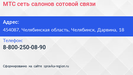 МТС, сеть салонов сотовой связи по адресу 454087, Челябинская область, Челябинск, Дарвина, 18 в дальнейшем Организация, размещена в следующих категориях:
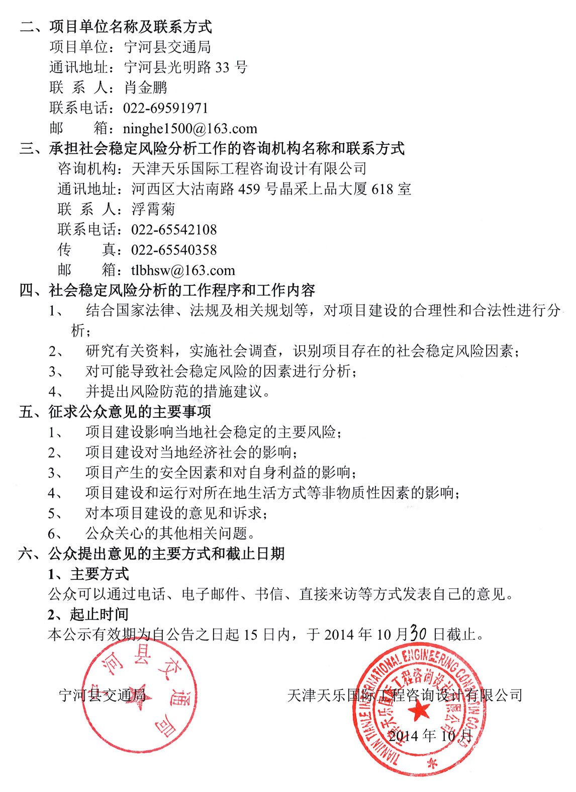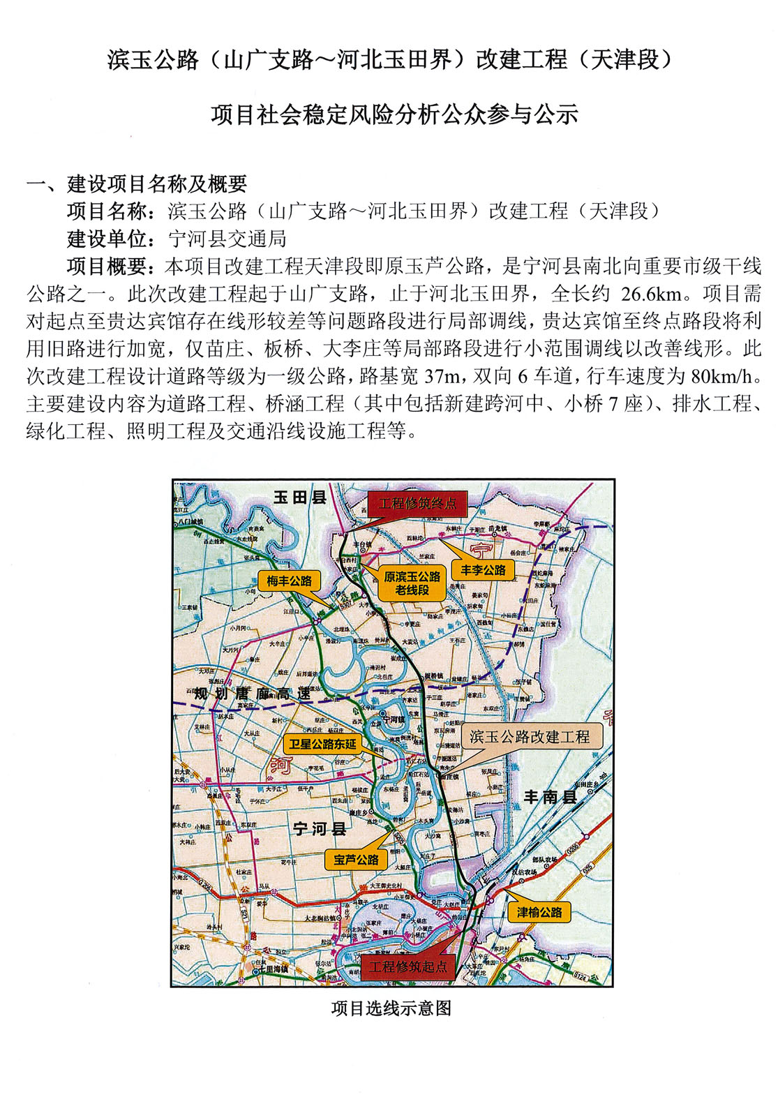 濱玉公路(山廣支路~河北玉田界)改建工程(天津段)項目社會(huì )穩定風(fēng)險分析
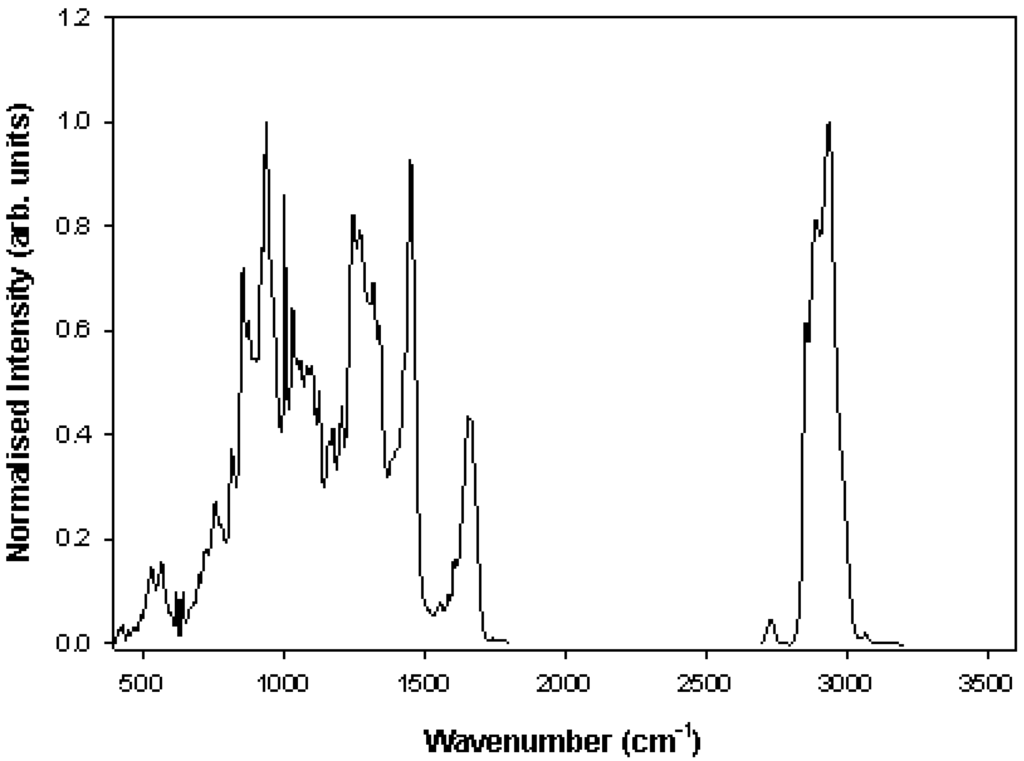 A typical cellular Raman spectrum is shown in Figure 3, together with a list of tentative spectral assignments in Table 2 []. As for Figure 2, the spectrum can be divided into two regions, the high wavenumber region, from 2500–3500 cm−1, and the fingerprint region, from 400–1800 cm−1.

YOUR OBJECTIVE: Copy only the lines running from the one that holds "濱玉公路(山廣支路~河北玉田" through the last line of the data, and include both of those lines. Do not copy any pictures.

ANSWER BOX:
 濱玉公路(山廣支路~河北玉田界)改建工程(天津段)項目社會(huì )穩定風(fēng)險分析
 A typical cellular Raman spectrum is shown in Figure 3, together with a list of tentative spectral assignments in Table 2 []. As for Figure 2, the spectrum can be divided into two regions, the high wavenumber region, from 2500–3500 cm−1, and the fingerprint region, from 400–1800 cm−1.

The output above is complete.